Türkiye Today carried the same core message, reporting that Aoun ruled out a Netanyahu meeting before “a security agreement is in place and Israeli attacks stop,” and adding that he stressed the goal was to ensure Israeli troops withdraw from Lebanon.

The Yaffa News Network framed Aoun’s position as a “no turning back” approach to “the path of direct negotiations with Tel Aviv,” while still insisting that “the timing is currently inappropriate” for a direct meeting with Netanyahu.

The New Arab described the U.S. push for a direct meeting as part of a wider pressure campaign, saying the U.S. piles pressure on Lebanon to hold a direct meeting between Aoun and Netanyahu.

Across the reporting, Aoun’s condition is presented as both a sequencing demand and a political safeguard, with his office emphasizing that “there is no turning back from the path of negotiations” while rejecting the meeting timing.

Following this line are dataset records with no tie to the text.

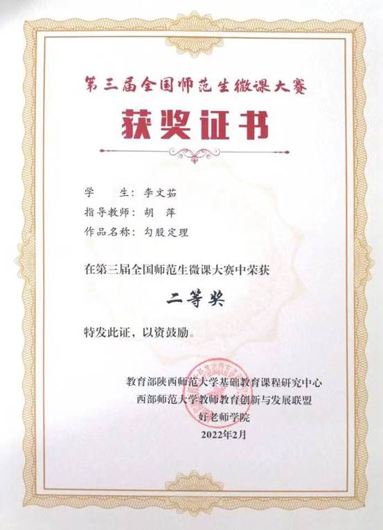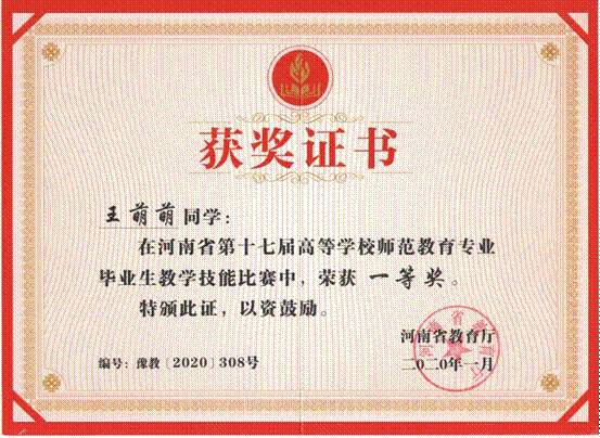 4 学生参加师范教育专业毕业生教学技能比赛获奖证书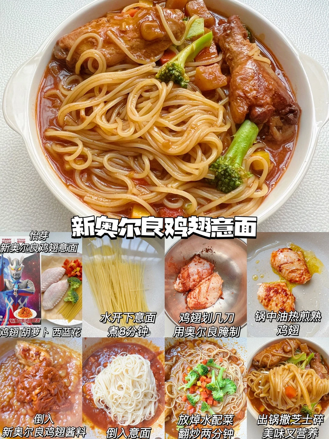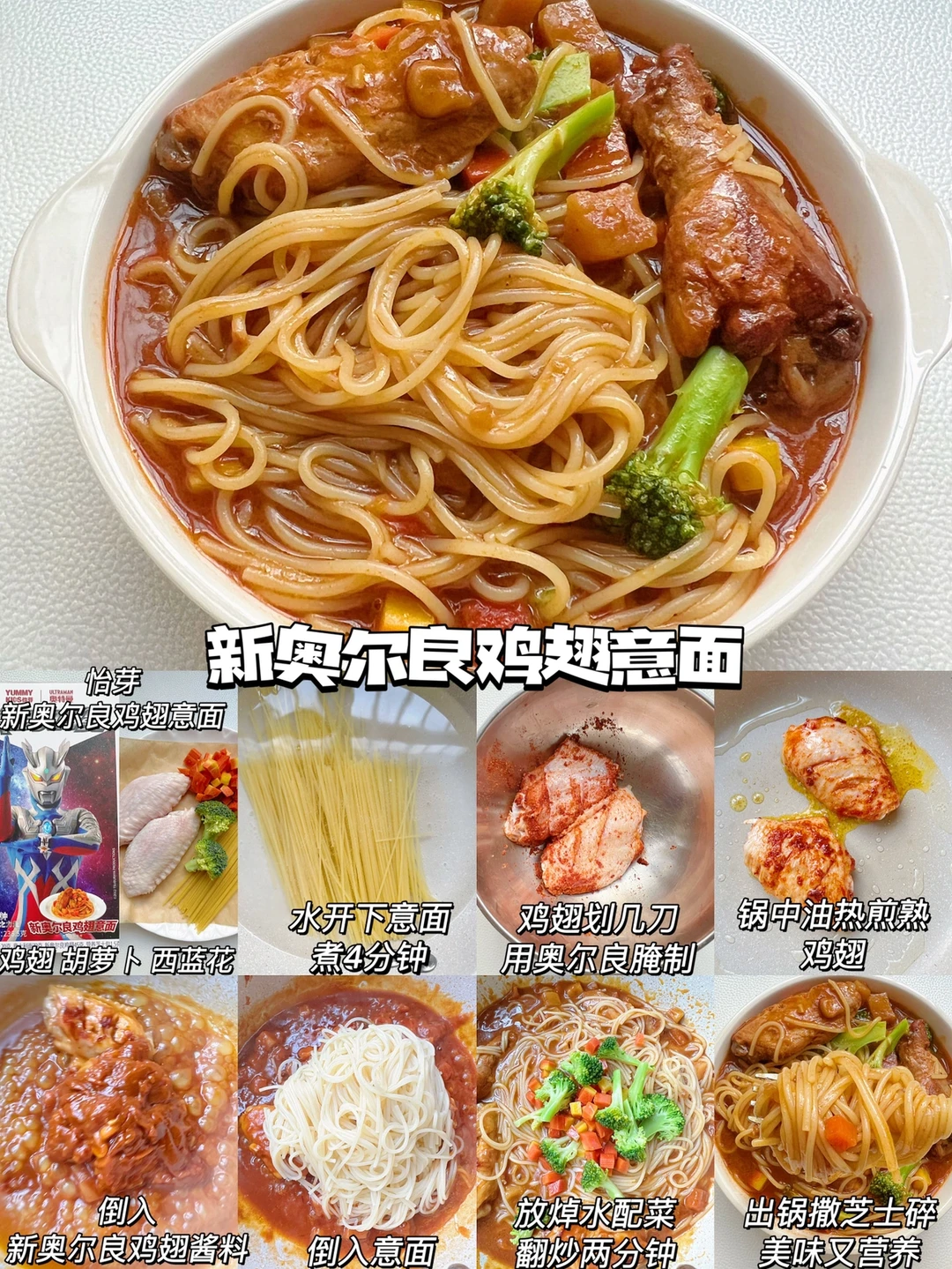 意面水烧开下锅煮4分钟捞出,过一下凉水,不粘锅倒入酱料包。这个系列的意面最吸引我的就是每个酱料包里不仅仅是酱,而是真的有大块的肉肉,像新奥尔良鸡翅这款,竟然真的有两个鸡翅💪,酱料包加热30秒左右,倒入意面,翻版均匀,也可以额外加自己喜欢的蔬菜,出锅加芝士碎,在家就可以吃出西餐厅的感觉👍,真的是太棒了,家里小朋友喜欢吃意面的,可以趁着双十一多囤些~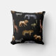 Een Afrikaans gethemd speldenkussen met een patroon van olifanten, zebra's, struisvogels, luipaarden, giraffen en leeuwen op een zwarte achtergrond. Deze kussen maken een geweldige hedendaagse toevoeging aan je thuisdecor, of maken een geweldig huisverwarmingscadeau.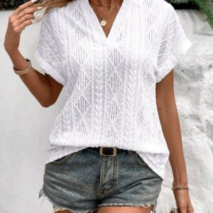 Blusa Blanca tejida manga corta murciélago M L
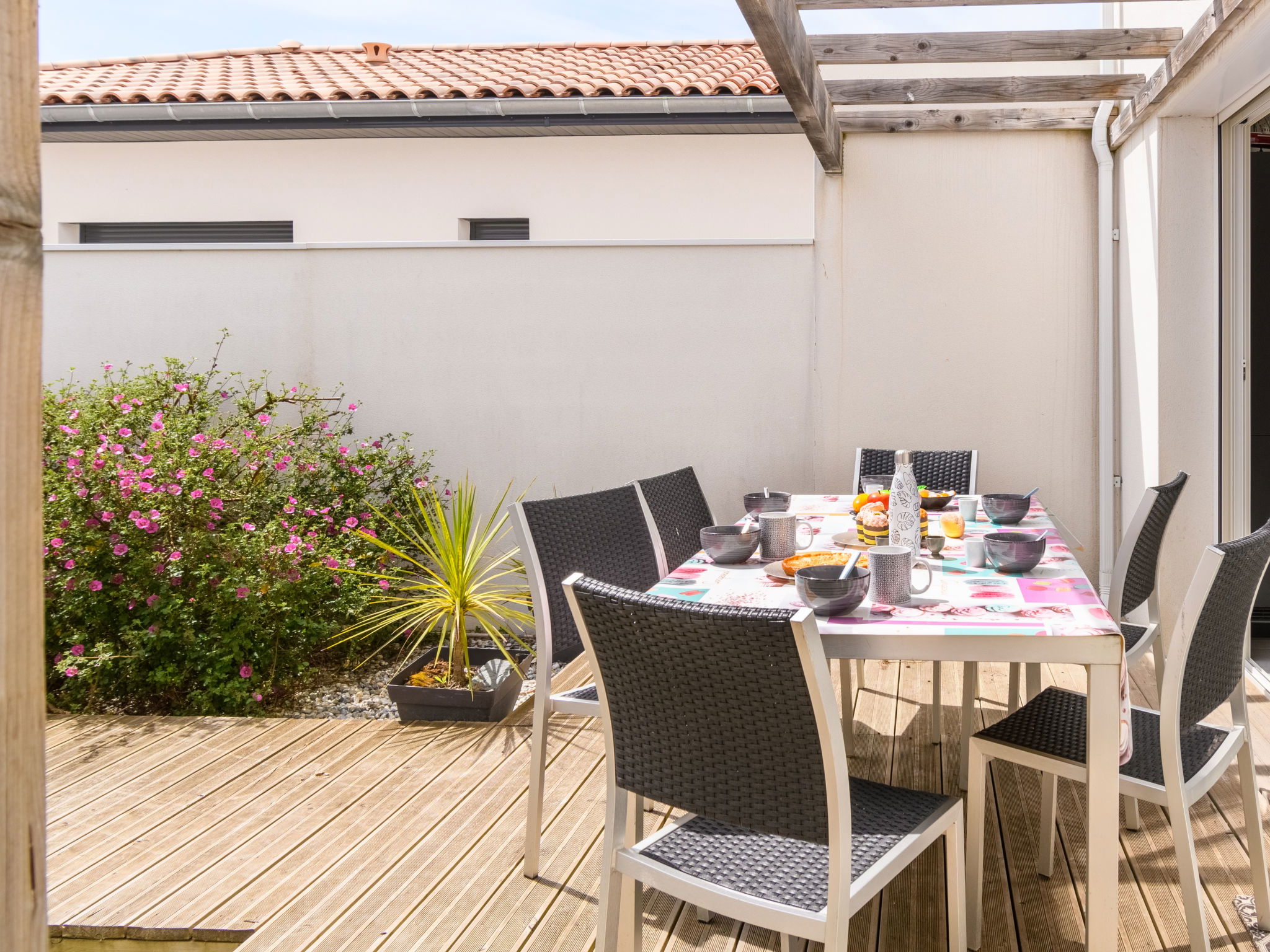Modern residence "Les Patios de Flore", 2 storeys, built in 2018. 12 apartments in the residence. In the resort 800 m from the centre of Mimizan Plage, 1.4 km from the sea, 1.4 km from the beach. In the house: storage room for bicycles (for shared use). Grocery 1.2 km, restaurant 500 m, bar, bakery 1.3 km, bicycle rental 1.2 km, bus stop "Mimiz Bus en haute saison" 10 m, sandy beach "Remember" 1.5 km, indoor swimming pool 6 km, bathing lake "Aureilhan" 9 km. Surf school 1.4 km, riding stable 6 km, cycle lane 500 m. Nearby attractions: Skate Parc 30 m, Camping 200 m. Residence with electric gates.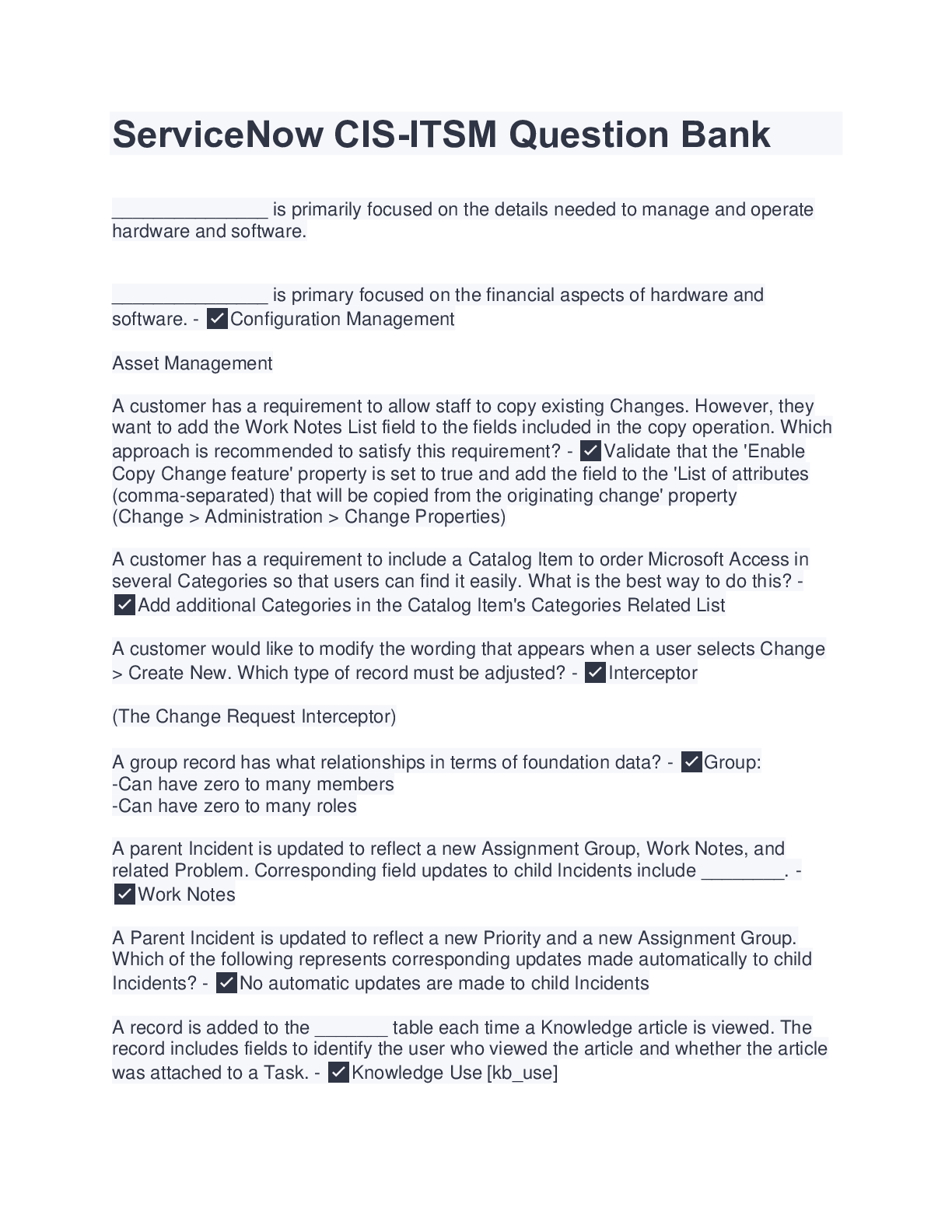 Information Technology > EXAM > ServiceNow CIS-ITSM Question Bank 2022/2023 (All)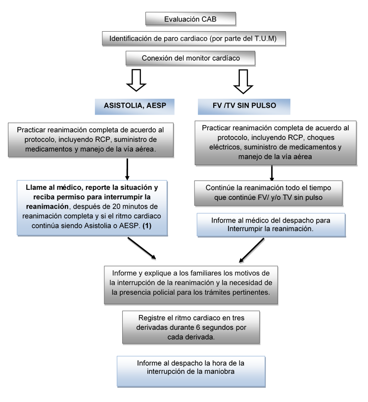 - De acuerdo con el protocolo, el TUM interrumpirá las maniobras de reanimación previa autorización médica. En las áreas donde no haya cobertura de señal telefónica ni vía radio, debe proceder con el protocolo adecuado a la situación, documentar y/o comunicar al médico del despacho en cuanto se tenga comunicación.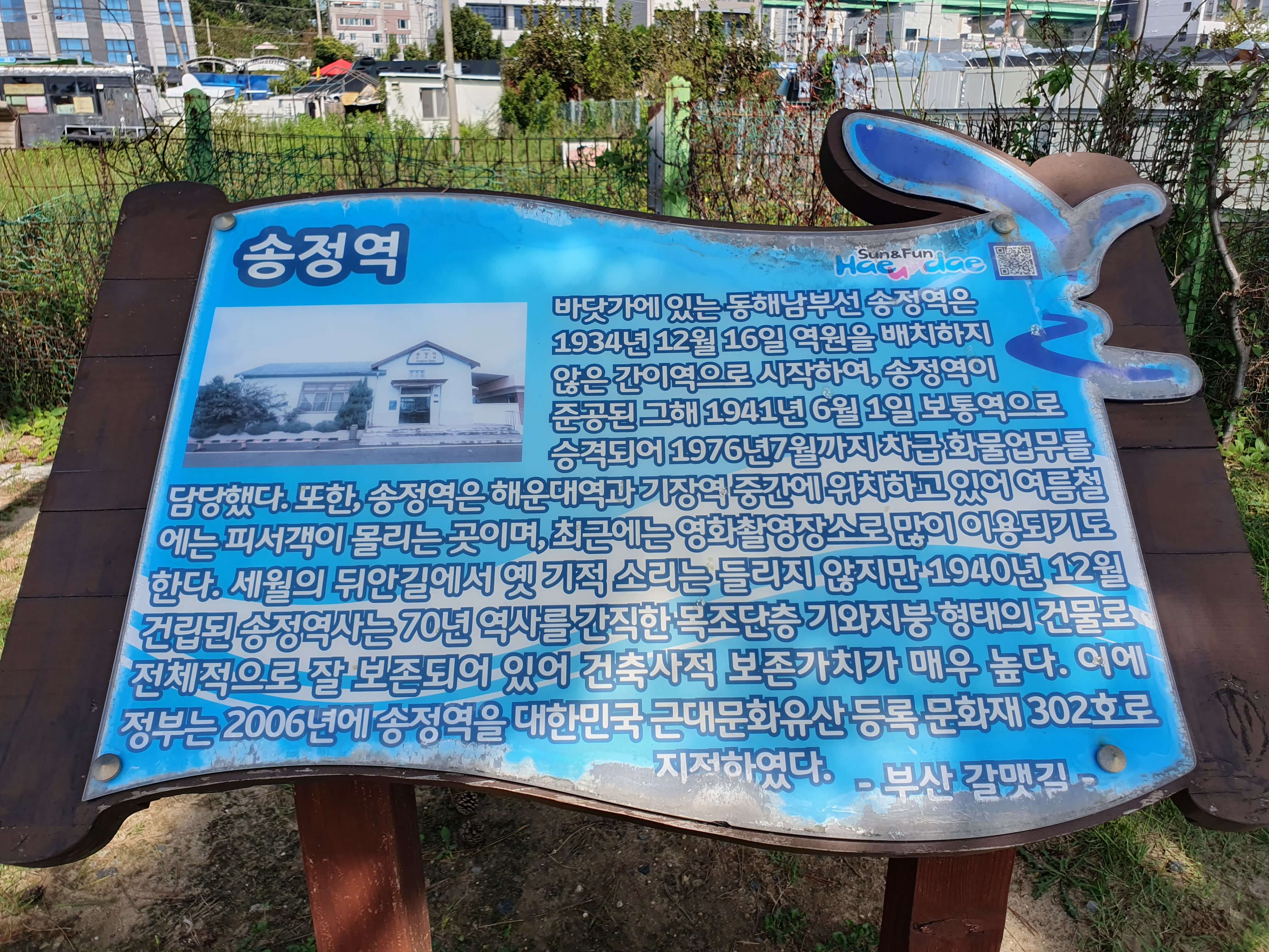 이에 정부는 2006년에 송정역을 대한민국 근대문화유산 등록문화재 302호로 지정하였다.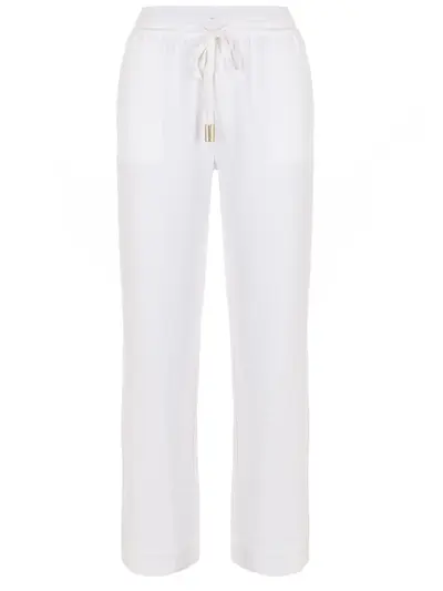 -Белые брюки из мягкого хлопка от LORENA ANTONIAZZI. -Модель свободного прямого кроя со стандартной посадкой, эластичным поясом на кулиске и прорезными карманами.

Washington’s push and the timeline

The debate over a possible Aoun-Netanyahu meeting is unfolding alongside a sequence of U.S.-mediated contacts and ceasefire steps described in multiple reports.

Türkiye Today said Israeli and Lebanese representatives met twice in Washington last month, the first such contacts in decades, after Iran-backed Hezbollah pulled Lebanon into the Middle East war on March 2 and triggered heavy Israeli strikes and a ground invasion.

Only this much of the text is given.